Under this line are the records; repeat exactly the lines starting at the one containing "The session that" and ending at the one containing "The pink agate", omitting pictures.

> _MATERIAL SHOWN_:

((

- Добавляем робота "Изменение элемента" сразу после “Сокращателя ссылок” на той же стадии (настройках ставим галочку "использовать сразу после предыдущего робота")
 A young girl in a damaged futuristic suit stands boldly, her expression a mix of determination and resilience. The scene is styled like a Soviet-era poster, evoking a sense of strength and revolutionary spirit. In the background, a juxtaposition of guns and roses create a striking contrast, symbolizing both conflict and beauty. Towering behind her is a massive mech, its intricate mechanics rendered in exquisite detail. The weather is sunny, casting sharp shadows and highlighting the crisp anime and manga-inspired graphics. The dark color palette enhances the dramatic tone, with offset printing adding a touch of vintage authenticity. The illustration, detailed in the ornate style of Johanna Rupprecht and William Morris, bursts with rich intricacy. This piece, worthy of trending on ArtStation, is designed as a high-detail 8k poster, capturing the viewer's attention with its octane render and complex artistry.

))
((

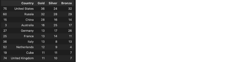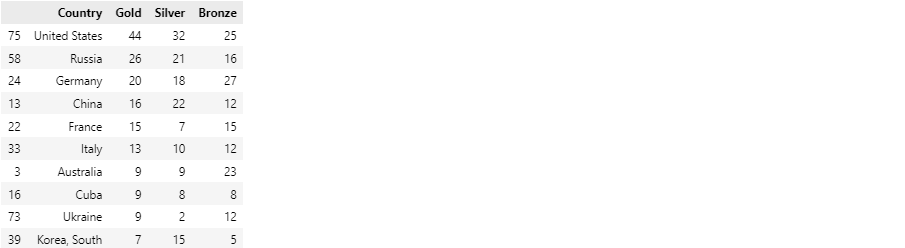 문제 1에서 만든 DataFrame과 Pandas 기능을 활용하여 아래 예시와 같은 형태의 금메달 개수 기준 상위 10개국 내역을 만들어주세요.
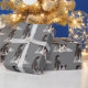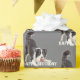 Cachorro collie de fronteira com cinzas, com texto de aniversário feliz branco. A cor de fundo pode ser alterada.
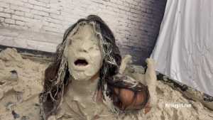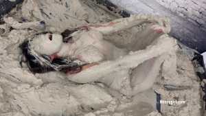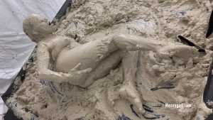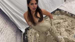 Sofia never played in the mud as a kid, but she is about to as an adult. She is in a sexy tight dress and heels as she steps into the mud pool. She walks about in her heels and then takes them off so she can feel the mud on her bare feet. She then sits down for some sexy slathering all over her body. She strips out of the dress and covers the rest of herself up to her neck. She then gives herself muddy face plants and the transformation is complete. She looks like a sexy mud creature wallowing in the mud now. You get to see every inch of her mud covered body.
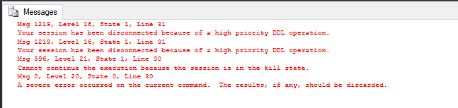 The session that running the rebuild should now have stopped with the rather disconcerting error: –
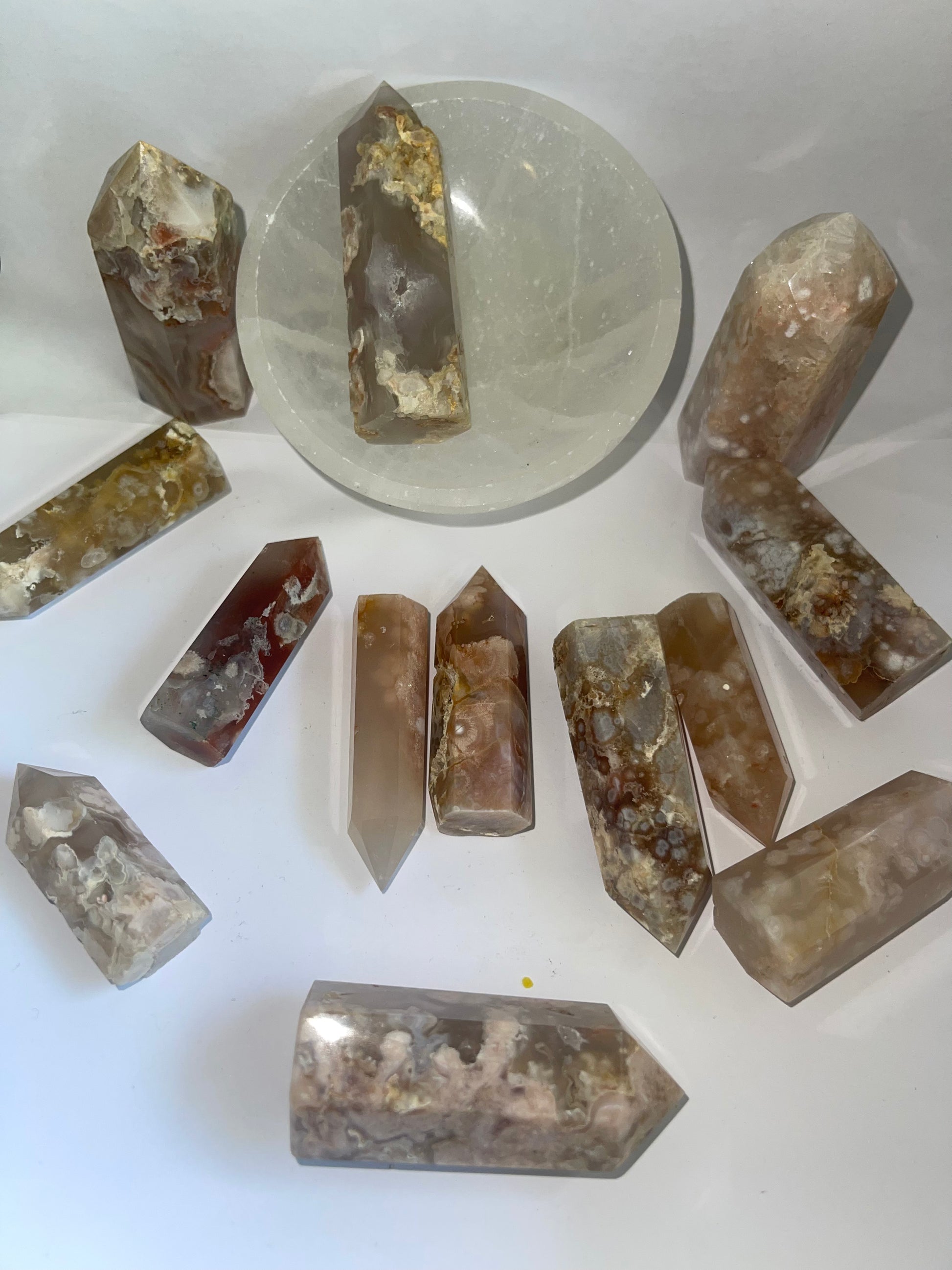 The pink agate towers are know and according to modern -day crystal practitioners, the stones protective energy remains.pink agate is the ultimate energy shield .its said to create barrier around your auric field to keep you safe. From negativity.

))

> _EXERCISE RESPONSE_:
 The session that running the rebuild should now have stopped with the rather disconcerting error: –
 The pink agate towers are know and according to modern -day crystal practitioners, the stones protective energy remains.pink agate is the ultimate energy shield .its said to create barrier around your auric field to keep you safe. From negativity.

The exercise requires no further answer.